→ **Brief**
Reproduce the records precisely. Omit every picture.

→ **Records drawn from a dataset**
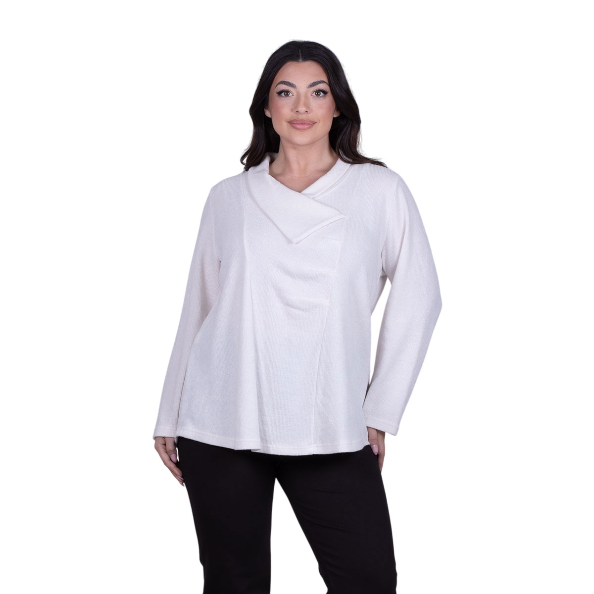 Gomore, καθημερινή, μπλούζα εκρού, γυναικεία, μακρυμάνικη, χειμωνιάτικη, με αναδιπλούμενο γιακά και πιέτες στο μπούστο της.
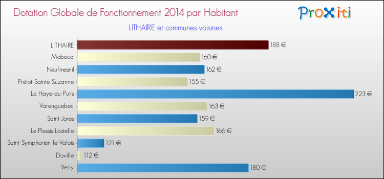Le graphique ci dessous indique la Dotation Globale de Fonctionnement accordée par habitant à Lithaire en 2014 par rapport aux communes voisines.
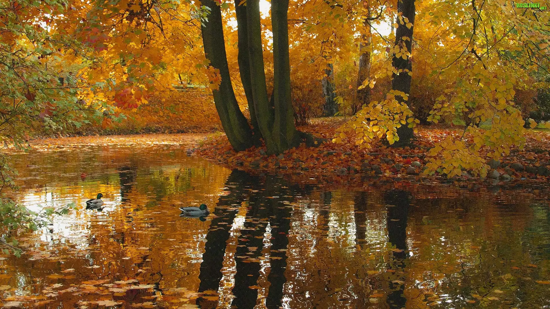 Rośliny: Jesień, Odbicie, Drzewa, Kaczki, Staw
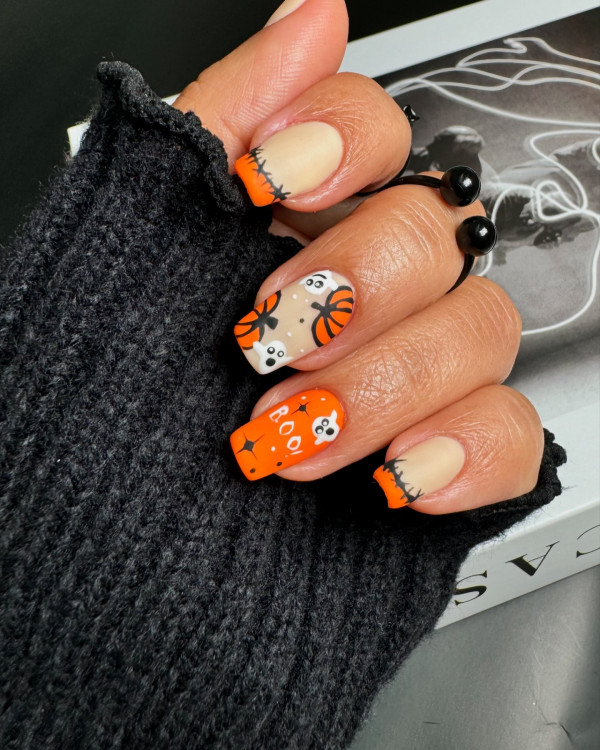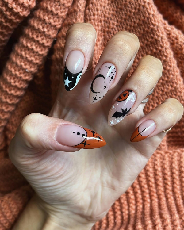 Black and orange are the traditional colors of Halloween. Paint your nails orange and add black tips, or create a mix of stripes, dots, and spooky patterns. This simple design never goes out of style and instantly gives off festive Halloween vibes.
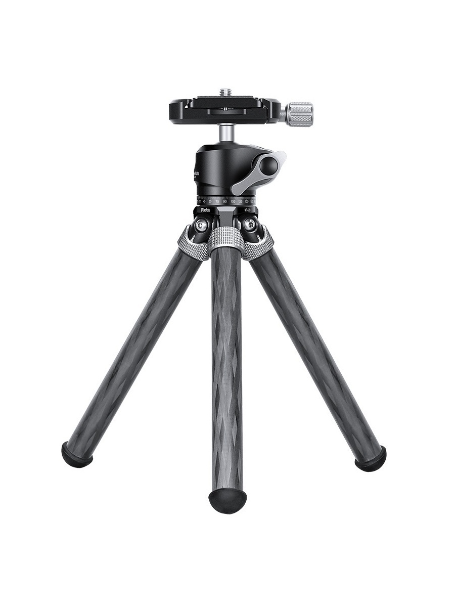 Штатив Leofoto MT-02+LH-22 CARBON изготовлен из алюминиевого сплава. Благодаря компактным размерам и простой конструкции штативом легко пользоваться. При общей длине 213 мм минимальная рабочая высота составляет 85 мм, максимальная высота в рабочем положении 200 мм. Установить камеру можно непосредственно на штатив с помощью штатного винта 1/4". Leofoto LH-22 шаровая штативная голова с быстросъемной площадкой и поворотным основанием для горизонтального панорамирования, предназначена для установки камер весом до 5 кг, Штативная голова изготовлена из легкого и прочного алюминиевого сплава и весит 0,177 кг. Покрытие элементов конструкции выполнено методом глубокого анодирования и отличается высокой твердостью. Все шкалы на головке нанесены лазером, в отличие от краски такой способ нанесения гораздо устойчивее к истиранию. Максимальная нагрузка на штатив, 5 кг.
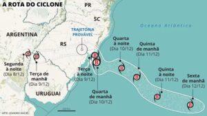 Veja a rota do ciclone (Foto: MetSul Metereologia, divulgação)
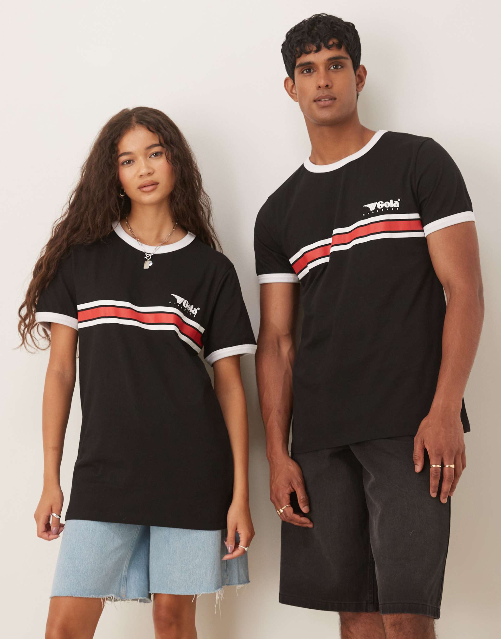 ASOS DESIGN UNISEX GOLA REGULAR FIT T-SHIRT WITH STRIPE DETAILS IN BLACK
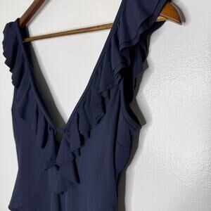 Michael Kors One Piece Swimsuit Size 8 Blue Ruffle Front V Neck Classic Chic
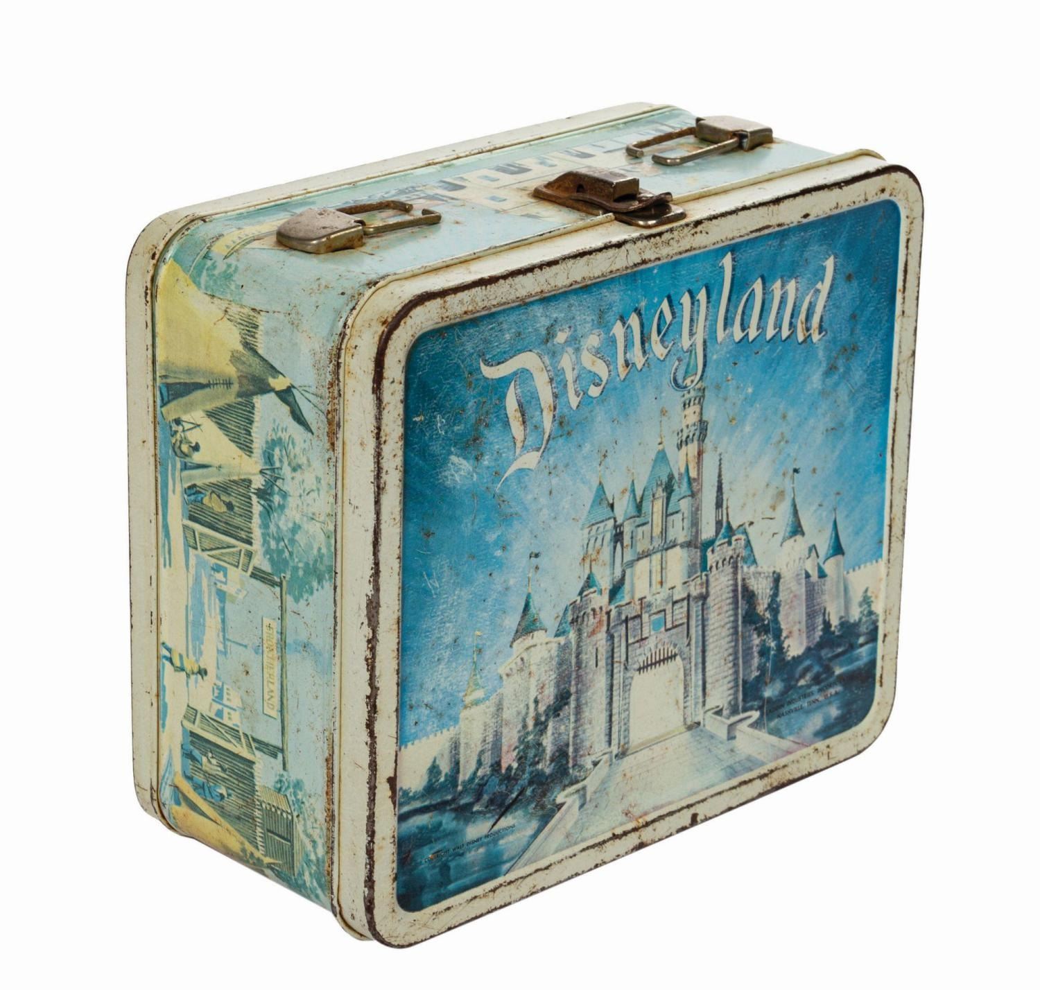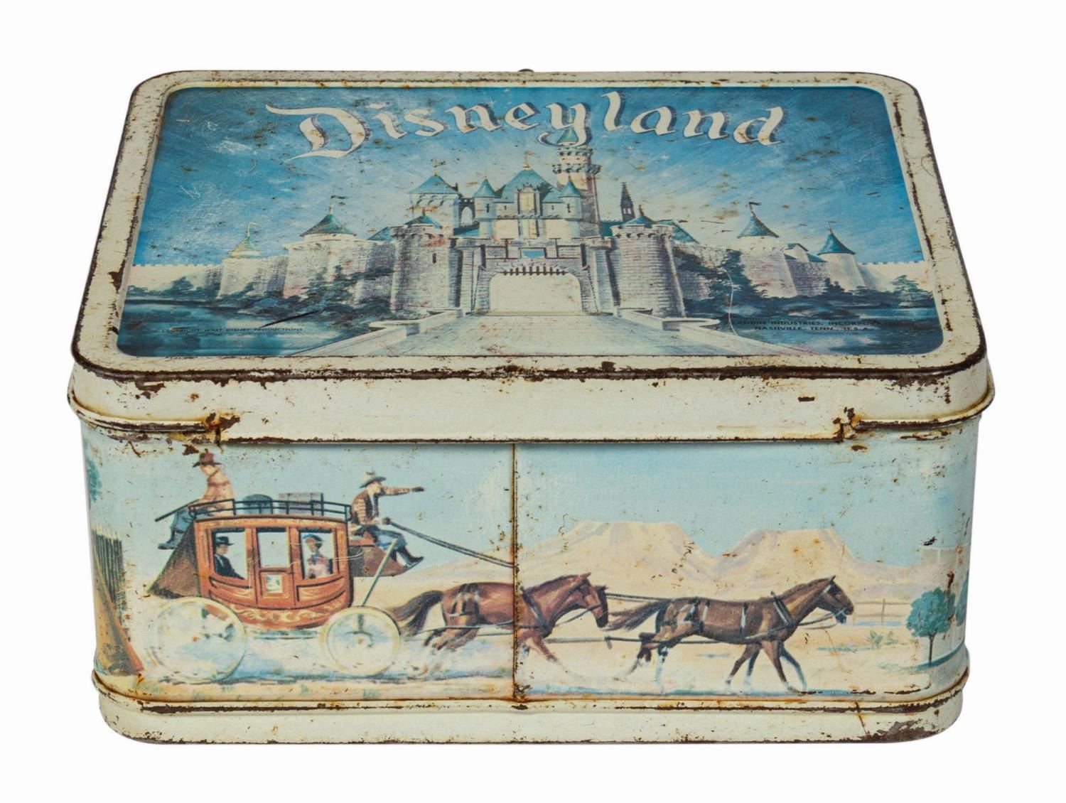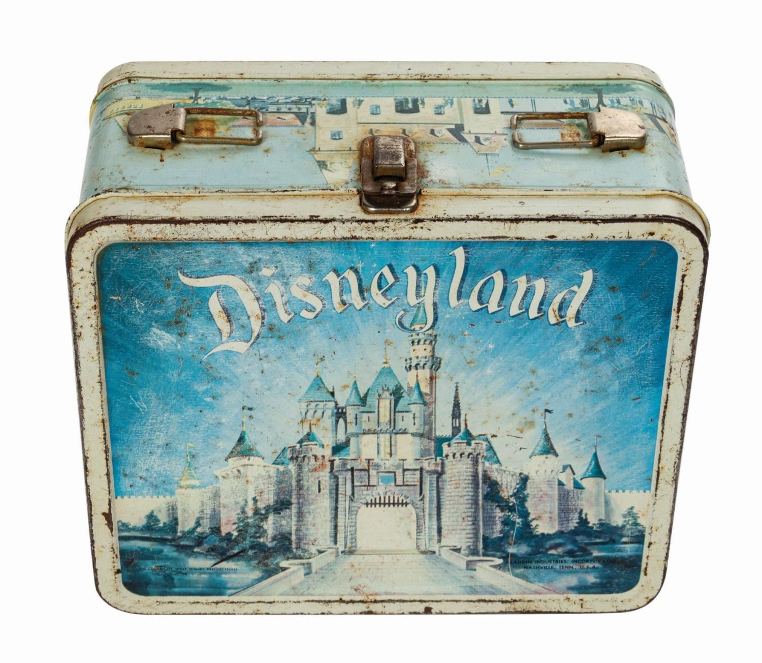 (Disneyland, c.1957) A fantastic souvenir Disneyland lunch box from the early years of the park. It features an image of Sleeping Beauty Castle on one side and the Jungle Cruise on the other. Frontierland, Tomorrowland, and Main Street are represented on its sides. Measuring 7"x8" and 4" deep, the lunch box is in fair condition with moderate to heavy surface wear, including rusting, paint loss, and color fading throughout. The plastic handle is missing, and the interior lacks its metal thermos clip and shows some rusting as well.

→ **Response for this exercise**
 Gomore, καθημερινή, μπλούζα εκρού, γυναικεία, μακρυμάνικη, χειμωνιάτικη, με αναδιπλούμενο γιακά και πιέτες στο μπούστο της.
Le graphique ci dessous indique la Dotation Globale de Fonctionnement accordée par habitant à Lithaire en 2014 par rapport aux communes voisines.
 Rośliny: Jesień, Odbicie, Drzewa, Kaczki, Staw
 Black and orange are the traditional colors of Halloween. Paint your nails orange and add black tips, or create a mix of stripes, dots, and spooky patterns. This simple design never goes out of style and instantly gives off festive Halloween vibes.
 Штатив Leofoto MT-02+LH-22 CARBON изготовлен из алюминиевого сплава. Благодаря компактным размерам и простой конструкции штативом легко пользоваться. При общей длине 213 мм минимальная рабочая высота составляет 85 мм, максимальная высота в рабочем положении 200 мм. Установить камеру можно непосредственно на штатив с помощью штатного винта 1/4". Leofoto LH-22 шаровая штативная голова с быстросъемной площадкой и поворотным основанием для горизонтального панорамирования, предназначена для установки камер весом до 5 кг, Штативная голова изготовлена из легкого и прочного алюминиевого сплава и весит 0,177 кг. Покрытие элементов конструкции выполнено методом глубокого анодирования и отличается высокой твердостью. Все шкалы на головке нанесены лазером, в отличие от краски такой способ нанесения гораздо устойчивее к истиранию. Максимальная нагрузка на штатив, 5 кг.
 Veja a rota do ciclone (Foto: MetSul Metereologia, divulgação)
 ASOS DESIGN UNISEX GOLA REGULAR FIT T-SHIRT WITH STRIPE DETAILS IN BLACK
 Michael Kors One Piece Swimsuit Size 8 Blue Ruffle Front V Neck Classic Chic
 (Disneyland, c.1957) A fantastic souvenir Disneyland lunch box from the early years of the park. It features an image of Sleeping Beauty Castle on one side and the Jungle Cruise on the other. Frontierland, Tomorrowland, and Main Street are represented on its sides. Measuring 7"x8" and 4" deep, the lunch box is in fair condition with moderate to heavy surface wear, including rusting, paint loss, and color fading throughout. The plastic handle is missing, and the interior lacks its metal thermos clip and shows some rusting as well.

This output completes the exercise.